On the off chance that you've never seen a karate game, nor yet read a review, here is the thrust. Upon your visual display unit appear three figures, offset against a background of pyramids, skyscrapers or similar visual cliche.
So, if you were wondering about the significance of the International in the title, you can relax. Ponder no more. Another of life's lesser mysteries has been lain conclusively to rest.
Take up your joystick. Make upon it joysticklish movements. One of the three figures will respond by jumping about. This figure is your figure. Cease your stick manipulation. A second figure will advance across the screen and proceed to beat your figure senseless in a surprisingly short time.
This figure is your opponent. Upon your figure becoming unconscious, the third and final figure will pronounce a judgement as to the state of play. This figure is the Wise Old Judge. He never gets beaten up, or indeed has to move at all. Which explains both epithets.
If you so desire, a friend can control your opponent, and you can both do it on the keyboard. It's true, I've tried it. And whoever gets to win also gets to break a large pile of tiles, using only his head.
This is only possibly true, I haven't tried it. And then it's on to the next jetsetting international backdrop for a repeat performance.
Regardless of the liberal use of the impersonal third person pronoun, that is that. The sleeve notes contain what is possibly the worst example of adspeak I've yet ridiculed.
Atop four screen shots showing the enrobed protagonists balling fists at each other is the legend "..And you thought you'd seen a karate game..". Presumably, some mistake it for Space Invaders, chess or a spreadsheet.
And then there's the subtler oxymoron on the spine - "Perfection is the only accepted standard" - if a standard isn't accepted then it isn't a standard. Or am I waffling again...?
Unfortunately, in this somewhat limited review, there is no room to explore the finer philosophical points of Karate. Bear in mind the overriding objective, that of beating seven sorts of Hades out of the other chap.
And a final word. Wombats.
Nigel
When I commented to the Ed that this karate game was exactly the same - not similar - as others I knew, he opined that it would be amusing to run a test to see if anyone could tell them apart in a blind run.
I think that would be as exciting as a tap water tasting competition. Meanwhile, like I said, IK is exactly the same as any other karate game.
The graphics might be marginally better, but joystick control, action and animation are... sorry, I can't go on, I've just fallen asleep. Zzzzz.
Colin
It's a small world. Archer Maclean, who wrote International Karate - although he was not responsible for the Amstrad conversion - went to the same school as Roland Perry and other Amstrad people.

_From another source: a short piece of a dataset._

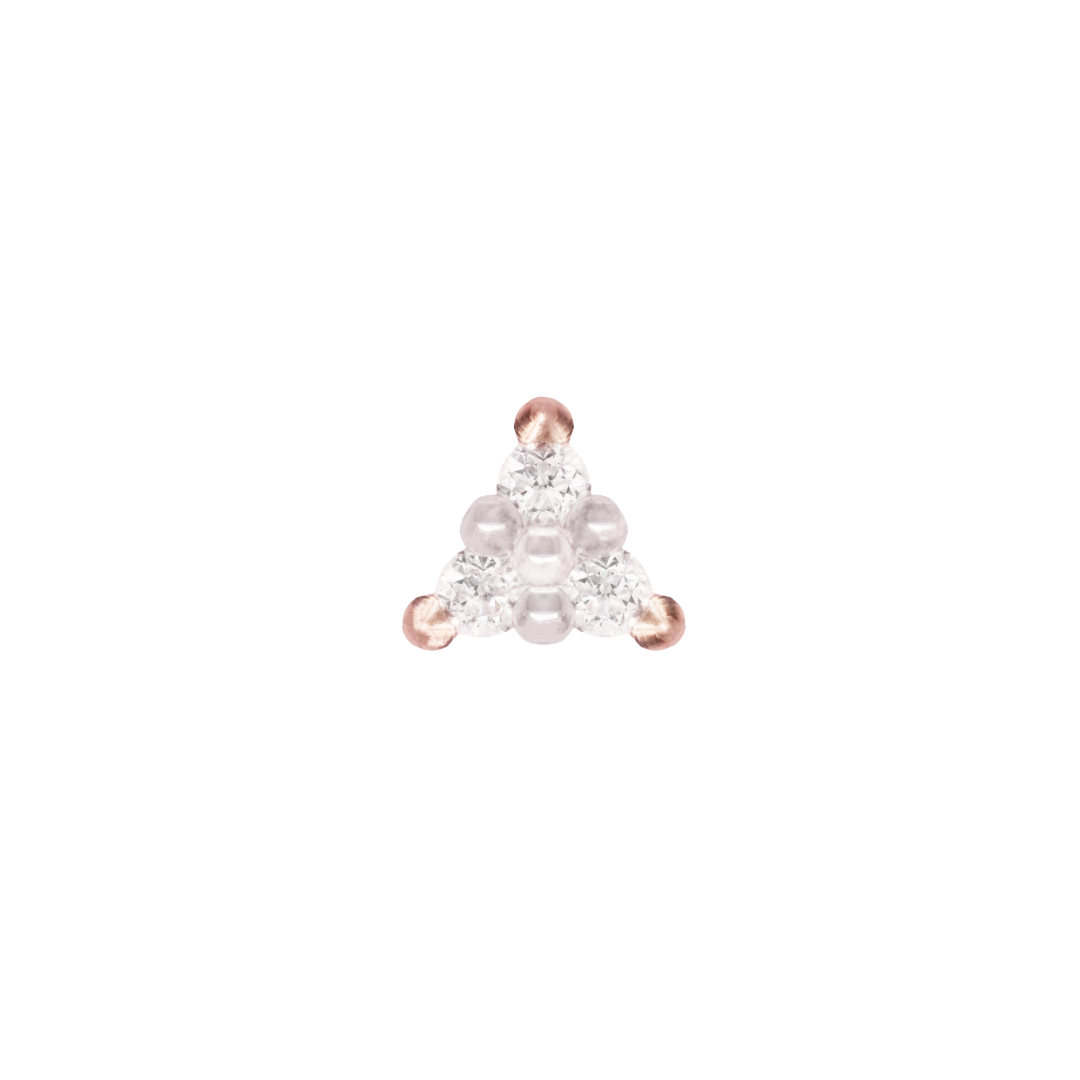 Vibe is a dainty triangle design featuring three round-cut natural diamonds, with white prongs in the center to help each diamond shine brightly. Perfect for those who love understated elegance or want to add a touch of sparkle to a bold curation. This piece brings effortless luxury to any piercing.

This is perhaps the most difficult Karate game I've played - the enemy is very savage from level one. So if you are the kind of person who regularly beats the wotsit out of karate games this is for you, unless you want to wait for International Karate II.
Liz
I'd have thought that by now the world would have tired of Karate games, everyone having at least one title in their collection. And yet more make it to the shelves.
Perhaps because the life of a game is limited, no-one would be seen dead buying a game which was six months old - unless it was a classic like Elite - it is fair game to tart up an old idea and trundle it out again.
Just as every Five Star single sounds the same, every Karate game looks the same. It's competent.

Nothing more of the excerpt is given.